- Automattic is close to finalizing an agreement to provide data for training the AI companies’ models.
- AI data training deals have become a lucrative opportunity for websites treading water in today’s slippery online publishing landscape.
Tumblr and WordPress.com are on the verge of striking deals to sell user data to artificial intelligence companies OpenAI and Midjourney. According to reports from 404 Media, Automattic, the parent company of both platforms, is close to finalizing an agreement to provide data for training the AI companies’ models.
Murky nature of data in the deal
The exact nature of the data to be included in the deal remains murky, but an alleged internal communication from Tumblr product manager Cyle Gage has raised concerns about the extent of data being prepared for transfer. The report indicates that the data may have encompassed private or partner-related information that was not intended to be part of the deal. This allegedly included private posts on public blog posts, deleted or suspended blogs, unanswered questions, private answers, explicit content, and material from premium partner blogs.
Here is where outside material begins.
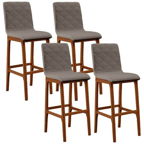 O complemento perfeito para o seu ambiente existe e está aqui! O Kit 04 Banquetas Altas Para Cozinha Sala de Jantar Fixa Zoe B04 Linho Bege - Lyam Decor vai ampliar totalmente a maneira como você compunha sua decoração, numa pegada clássica, com belíssima estrutura em madeira, na cor nozes, possui assento e encosto estofados super confortáveis e convidativos, além do apoio para os pés que garante maior .

Also read: OpenAI cures GPT-4 ‘laziness’ with new updates
Automattic’s response and commitment
When approached for comment, Automattic responded with a published statement, emphasizing that only public content hosted on WordPress.com and Tumblr from sites that haven’t opted out will be shared. The company also highlighted its commitment to respecting all opt-out settings and announced plans to launch a new opt-out tool aimed at allowing users to block third parties, including AI companies, from training on their data.
Advocating for user data removal
An alleged internal FAQ prepared by Automattic for the new opt-out tool suggests that the company will actively advocate for the removal of data upon user request. While the language used in the document to describe this process as “asking” and “advocating” may raise eyebrows, Andrew Spittle, Automattic’s AI head, has expressed confidence that the AI companies will honor these requests based on previous conversations.
Also read: OpenAI CEO Sam Altman and U.S. House Speaker navigate AI regulation challenges on capitol hill
Challenges faced by Tumblr and WordPress.com
The backdrop to these potential deals is the rapidly evolving landscape of online publishing, where websites are seeking new revenue streams to stay afloat. Tumblr, in particular, has faced its share of challenges, reportedly downsizing its staff to a bare minimum in late 2023. This context underscores the significance of such data deals for platforms like Tumblr and WordPress.com.
In a broader industry context, this news adds to the growing trend of AI companies seeking to leverage user-generated content for training their models. Recently, Google struck a deal with Reddit, and OpenAI has been actively pursuing partnerships to collect datasets for AI model training.